### Directions for this task
If pictures appear in the lines below, skip them and copy exactly the lines from the one containing "EBM-Papst D4E180-CA02-36 Blower, 2" through the one containing "为持续加强党的创新理论武装,不断提高党员", and nothing else.

### Information given
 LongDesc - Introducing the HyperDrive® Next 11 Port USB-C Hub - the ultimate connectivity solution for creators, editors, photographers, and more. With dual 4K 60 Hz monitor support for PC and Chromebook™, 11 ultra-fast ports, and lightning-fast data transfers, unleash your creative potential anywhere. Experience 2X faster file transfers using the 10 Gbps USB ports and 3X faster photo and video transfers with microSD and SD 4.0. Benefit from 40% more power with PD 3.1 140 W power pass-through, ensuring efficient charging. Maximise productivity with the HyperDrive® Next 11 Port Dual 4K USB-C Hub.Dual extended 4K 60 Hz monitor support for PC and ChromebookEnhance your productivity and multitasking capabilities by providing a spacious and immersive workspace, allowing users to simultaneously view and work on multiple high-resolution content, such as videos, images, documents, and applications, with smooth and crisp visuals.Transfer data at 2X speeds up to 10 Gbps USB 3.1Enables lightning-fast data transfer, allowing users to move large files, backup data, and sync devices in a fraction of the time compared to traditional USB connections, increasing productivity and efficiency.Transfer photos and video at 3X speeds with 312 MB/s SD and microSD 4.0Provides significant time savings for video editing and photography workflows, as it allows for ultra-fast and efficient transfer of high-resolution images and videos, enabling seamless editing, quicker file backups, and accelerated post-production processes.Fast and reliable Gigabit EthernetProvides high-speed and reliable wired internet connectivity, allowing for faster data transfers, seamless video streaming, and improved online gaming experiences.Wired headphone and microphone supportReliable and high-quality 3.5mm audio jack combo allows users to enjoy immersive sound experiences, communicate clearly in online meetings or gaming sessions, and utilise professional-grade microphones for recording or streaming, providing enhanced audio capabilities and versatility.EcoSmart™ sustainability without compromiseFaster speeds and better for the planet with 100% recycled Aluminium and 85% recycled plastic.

==

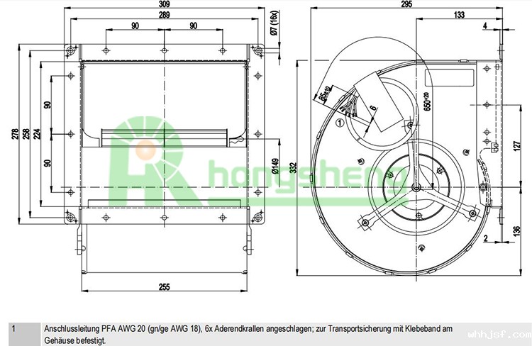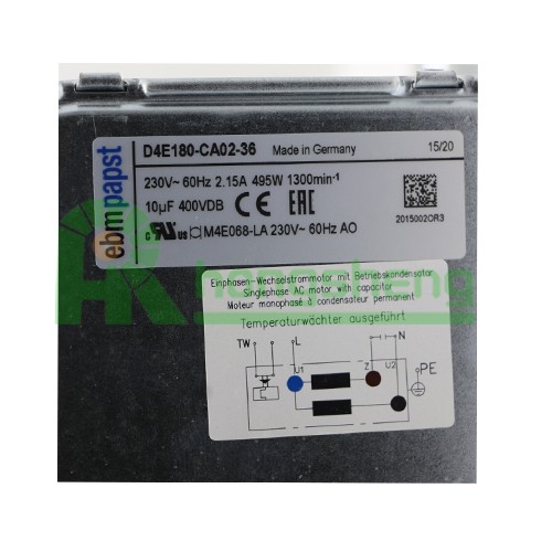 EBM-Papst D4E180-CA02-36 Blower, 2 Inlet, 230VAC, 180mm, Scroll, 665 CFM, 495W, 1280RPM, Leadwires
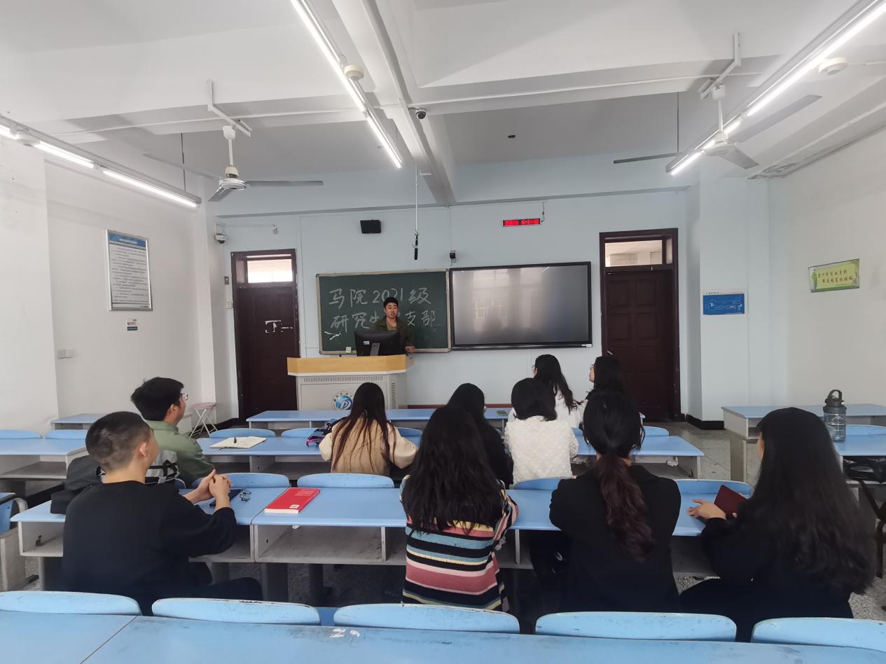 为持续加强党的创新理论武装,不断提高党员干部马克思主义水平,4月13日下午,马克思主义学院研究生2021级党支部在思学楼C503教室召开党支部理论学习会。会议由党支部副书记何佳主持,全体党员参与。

### The answer
 EBM-Papst D4E180-CA02-36 Blower, 2 Inlet, 230VAC, 180mm, Scroll, 665 CFM, 495W, 1280RPM, Leadwires
 为持续加强党的创新理论武装,不断提高党员干部马克思主义水平,4月13日下午,马克思主义学院研究生2021级党支部在思学楼C503教室召开党支部理论学习会。会议由党支部副书记何佳主持,全体党员参与。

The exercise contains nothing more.